Different values of α and ρ ranging from 0.1 up to 1 with equal intervals of 0.1 are tested. Predictor sets ranging from size P = 2 to P = P_max are formed in each split. The number of splits, F is set to 10 in this study. The choice of the value of P_max is based on previous studies on feature selection in tumor classification such as [1], where it is observed that there is no significant change in accuracy at values of P beyond 150. Therefore, for datasets with larger number of classes (K>6), we set P_max to 150, while for datasets with 6 or less classes, the value of P_max is decreased accordingly in proportion to K (Table 1). The rationale for this is that datasets with smaller number of classes need less predictor genes to differentiate samples from different classes than datasets with larger number of classes. It is easier to distinguish among say, 3 classes than telling apart samples from 15 different classes (and hence, a smaller predictor set would be sufficient for the former whereas a larger number of predictor genes would be necessary to accomplish the latter).

Two feature selection experiments were run on each dataset: one using the W_A,Sscoring method and the other, the W_R,Sscoring method. The DAGSVM classifier is used in evaluating the performance of all resulting predictor sets from both experiments. The DAGSVM is an all-pairs SVM-based multi-classifier which uses substantially less training time compared to either the standard algorithm or Max Wins, and has been shown to produce accuracy comparable to both of these algorithms [28].

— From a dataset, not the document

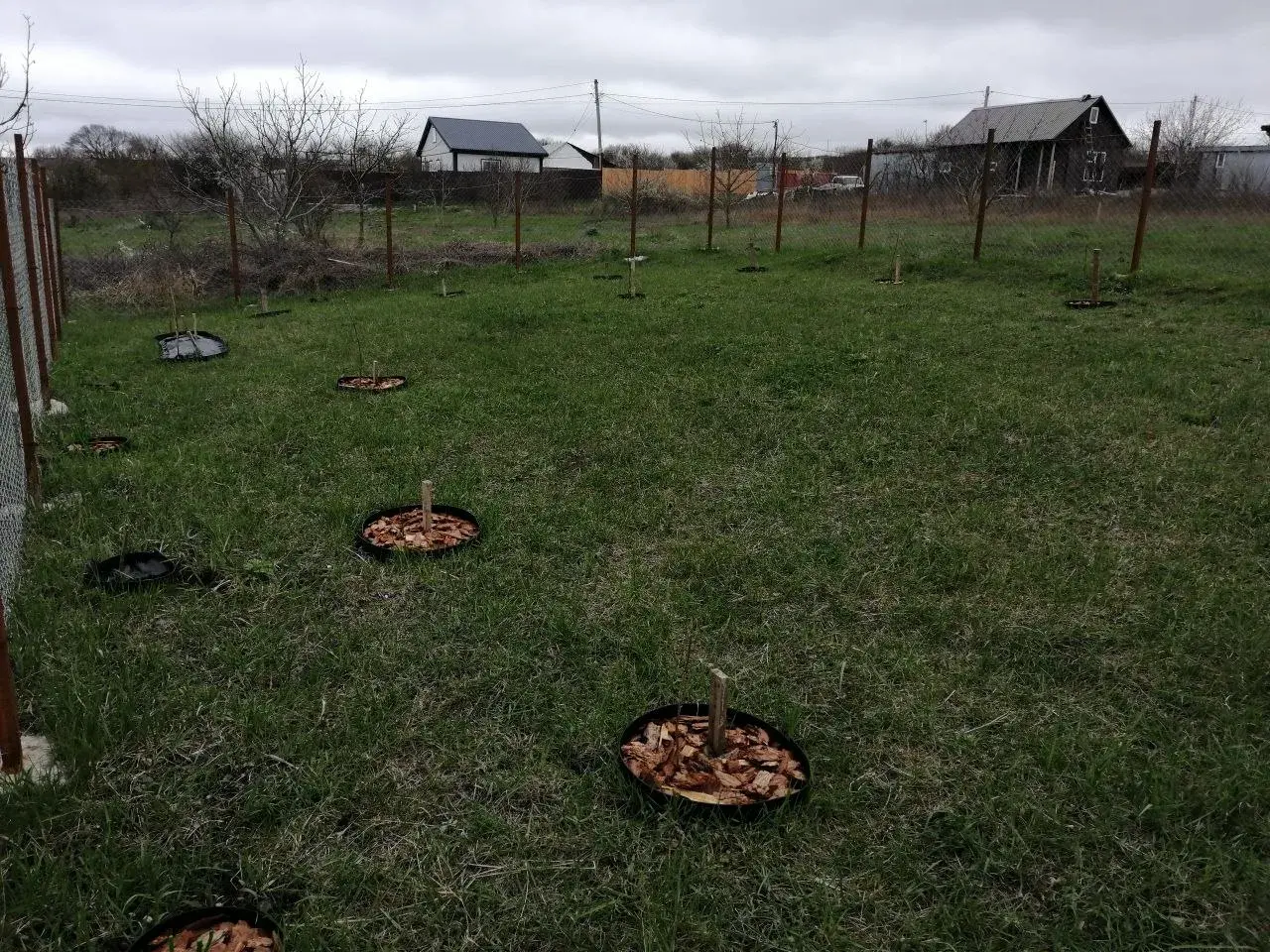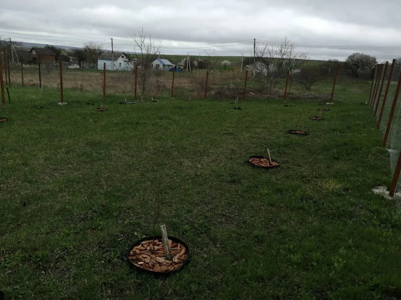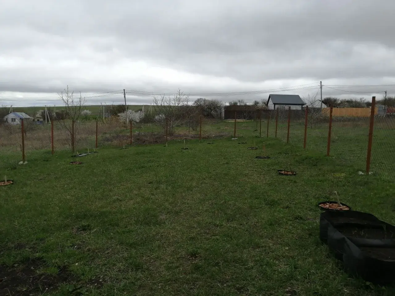 Высажены плодовые деревья,кустарники,ягоды,цветы.сад молодой,но перспективный.
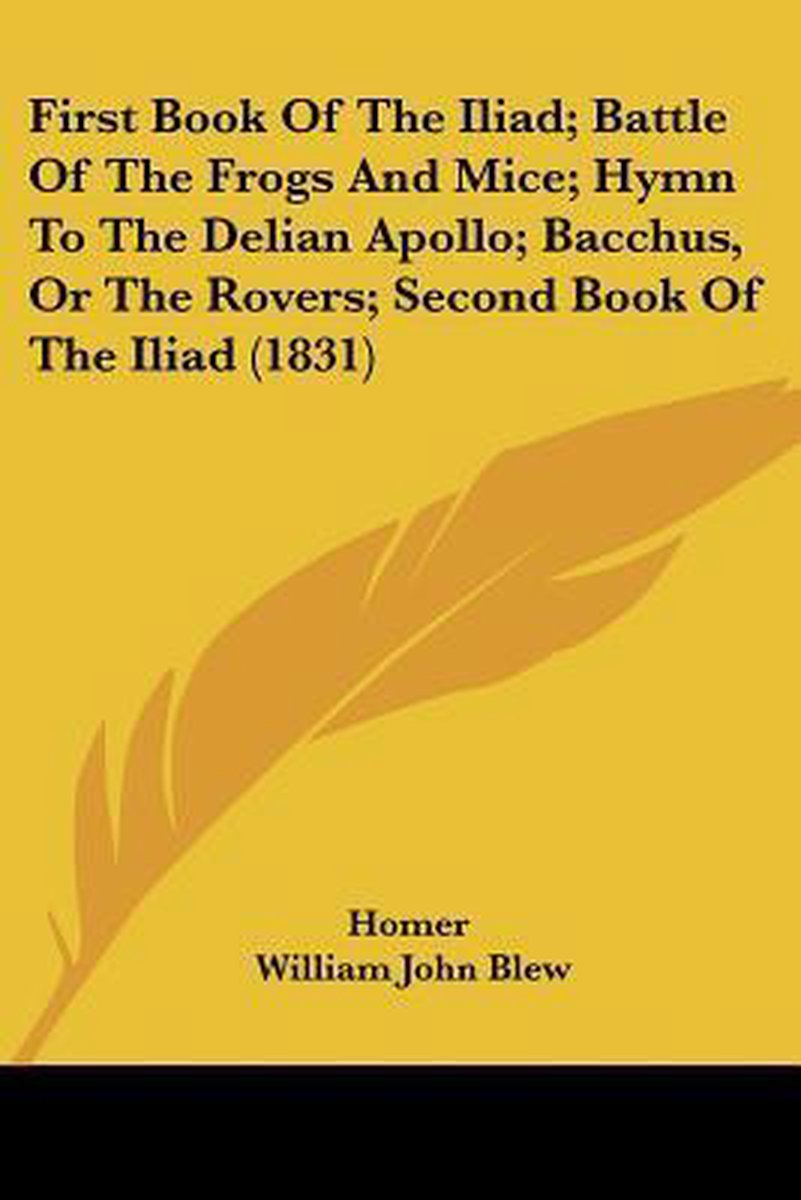 First Book Of The Iliad; Battle Of The Frogs And Mice; Hymn To The Delian Apollo; Bacchus, Or The Rovers; Second Book Of The Iliad (1831)

Two parameters will be used to evaluate the performance of the W_A,Sand the W_R,Sscoring methods. The first is the best estimate of accuracy. This is simply taken as the largest among the accuracies obtained from Figure 1 at all tested values of α or ρ at P = P_max. By taking the accuracy at fixed value of P (at P_max), we further exclude the possibility of leaking information from the test set into the training process of forming the predictor set in each split. If a draw occurs in terms of the estimate of accuracy, we take the average of the values of α or ρ giving the largest accuracies as the optimal α or ρ.

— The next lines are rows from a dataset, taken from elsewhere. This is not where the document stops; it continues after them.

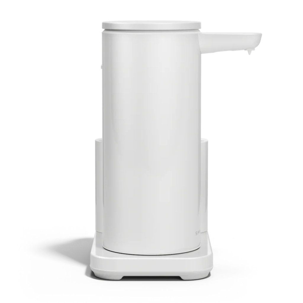 Bezdotykový dávkovač mýdla Simplehuman – 414 ml + držák na houbičku,bílá ocel
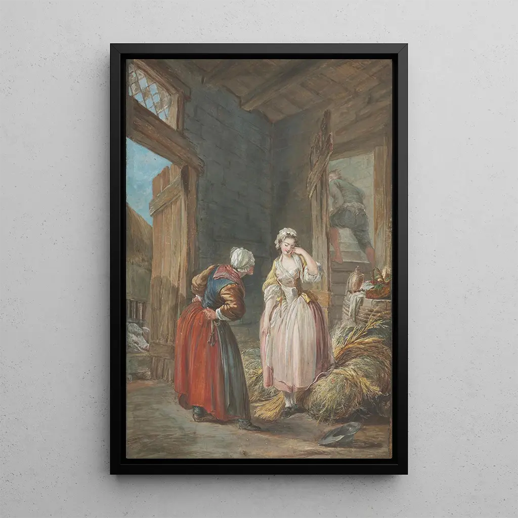 Dans cette œuvre délicate, Pierre-Antoine Baudouin capture un moment fugace entre deux amants, enveloppés dans une atmosphère de tendresse et de mystère. Les couleurs douces et les jeux de lumière créent une ambiance romantique, tandis que la composition harmonieuse guide le regard vers les protagonistes. La technique de l'artiste, mêlant finesse des détails et fluidité des formes, évoque une émotion palpable, rendant cette taidegrafiikka des Amants surpris particulièrement touchante. Chaque élément de la toile, des drapés aux expressions, contribue à une narration visuelle qui invite à la contemplation et à l'évasion.
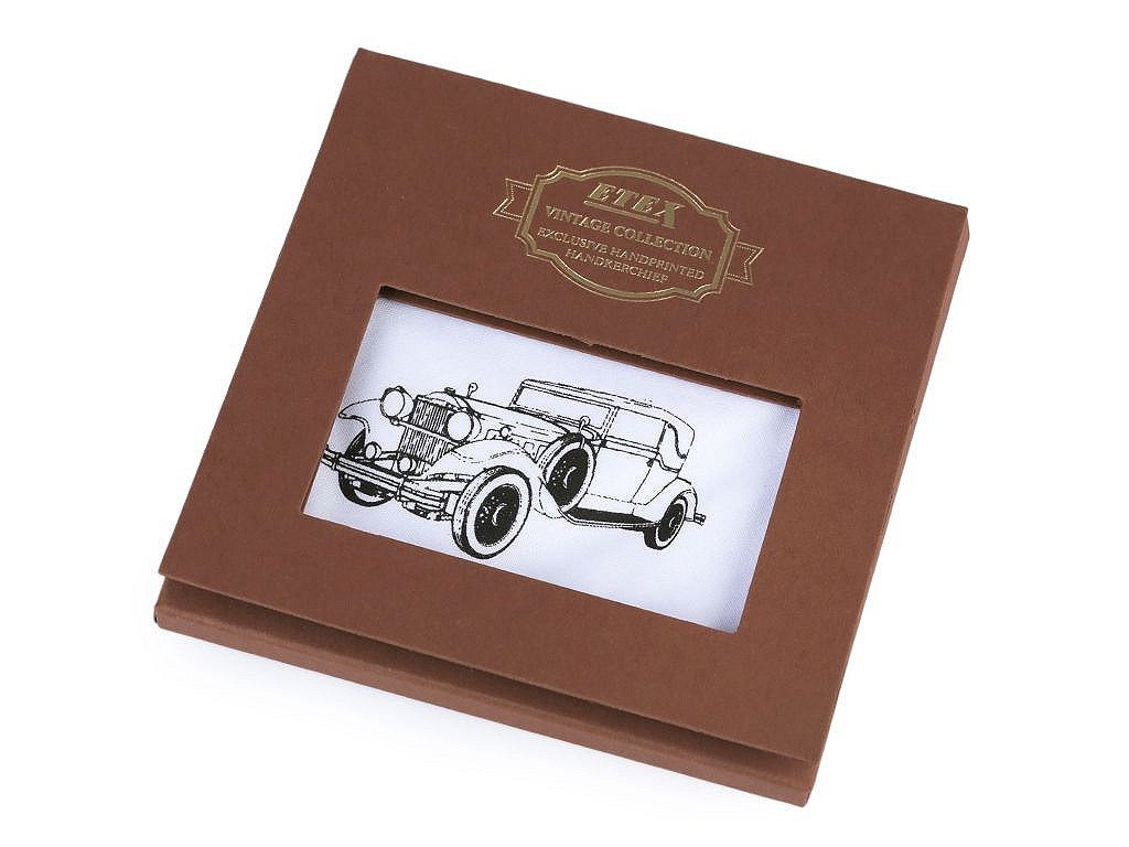 Pánský kapesník ze speciální Vintage kolekce je zabalený v dárkové krabičce. Je vyjímečný exklusivním ručním potiskem. V krabičce najdete 1 velký čtvercový kapesník.
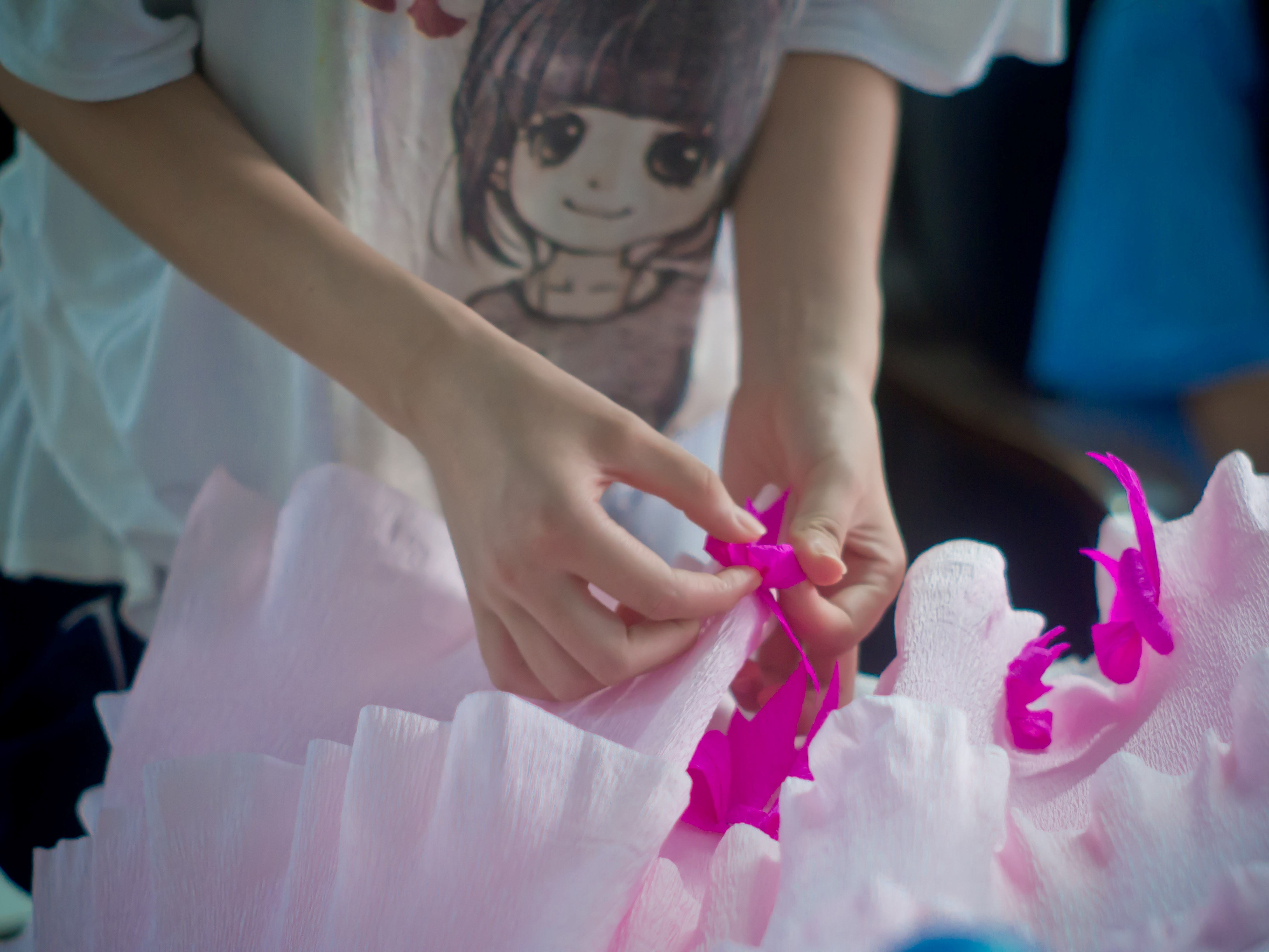 为了最后精彩的综合汇演展示,队员们从一周前已着手准备,包括各班节目的确立,特色的体现,时间的安排,服装道具的准备,舞台搭建的联系等。因为舞蹈节目服装不够,营员们大多同爷爷奶奶辈住在一起,枫岭又地处偏僻,队员们除了协调营员之间的营服,手工组的老师们还自己动手,为女生们制作漂亮的彩色皱纸裙子。学生们趴在办公室窗口,直呼这裙子比买的还好看,大家满心期待。

For multiclass classification problems, merely attaining a good estimate of accuracy does not represent excellent classification performance. There is also the need to ensure that samples from all classes are predicted with equally good rate of accuracy. This is especially true when class sizes are greatly unequal among the classes, which is often the case for multiclass microarray datasets. A predictor set may achieve high estimate of overall accuracy by simply predicting test samples as belonging to one of the classes with large class size at a high frequency. The end results will be that samples belonging to certain classes will be correctly predicted most of the time, while samples from other classes will be wrongly classified at a high rate.

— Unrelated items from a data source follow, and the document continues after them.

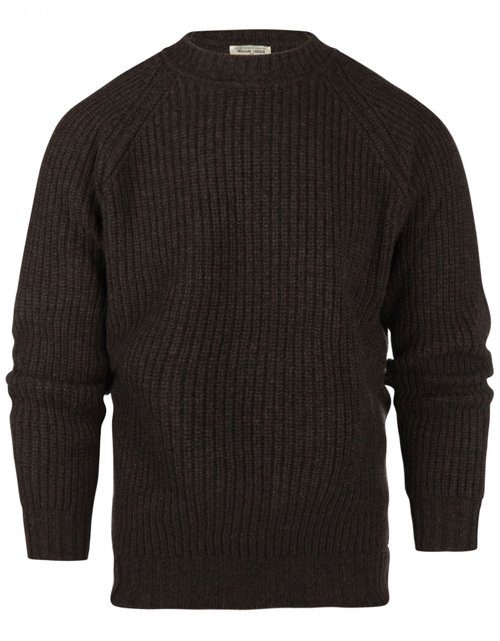 Stoere grof gebreide wollen trui met ronde hals van William Lockie.
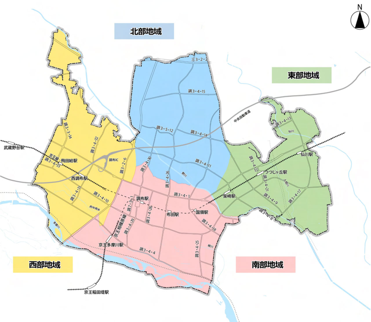 調布市では、都市計画上のマスタープランにおいて、市を4地域に区分しています。
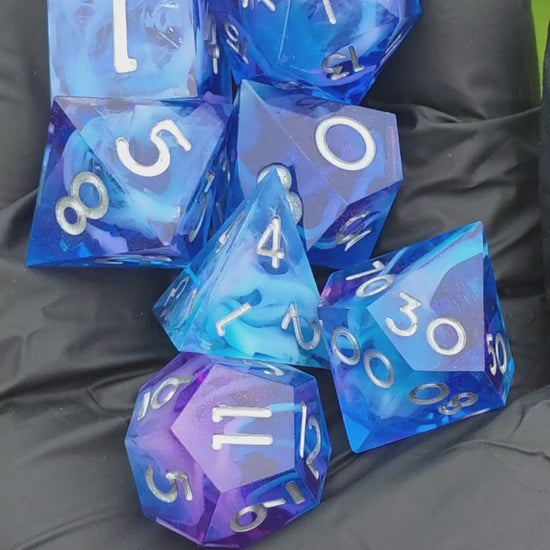 Polyedrisches Aurora Nebula DnD Würfelset 7 Stück – Mystic Sky Dice | Handgemachte Resin Würfel in Blau Lila Rosa mit Cloud Effekt | TTRPG D
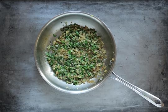 Heat the olive oil in a medium skillet set over high heat. When the oil shimmers, add the onions, and garlic and cook for 4-5 minutes, until the onions are tender, brown, and fragrant (add a splash of water if the onions are cooking too quickly). In the last minute of cooking, add the parsley, salt and pepper. Remove from the heat and allow to cool.

This calls for the second parameter, the range of class accuracies, in evaluating the performance of the predictor set scoring methods. For each class, class accuracy denotes the ratio of correctly classified samples of that class to the class size in the test set. Each class accuracy is computed from the DDP value which produces the best estimate of accuracy at P = P_max in the first place. The range of class accuracies is the difference between the best class accuracy and the worst class accuracy among the K class accuracies in a K-class dataset. In an ideal situation, overall accuracy being exactly 1, each class accuracy is 1, so the perfect range of class accuracies is 0. Hence, the lower the range of class accuracies, the better the classification performance.

Best estimate of accuracy

Overall the W_A,Sscoring method outperforms the W_R,Sscoring method by giving better accuracy in six out of nine datasets (Table 2). Only in three datasets, GCM, NCI60 and SRBC datasets, does the W_R,Sscoring method give the same accuracy as the W_A,Sscoring method.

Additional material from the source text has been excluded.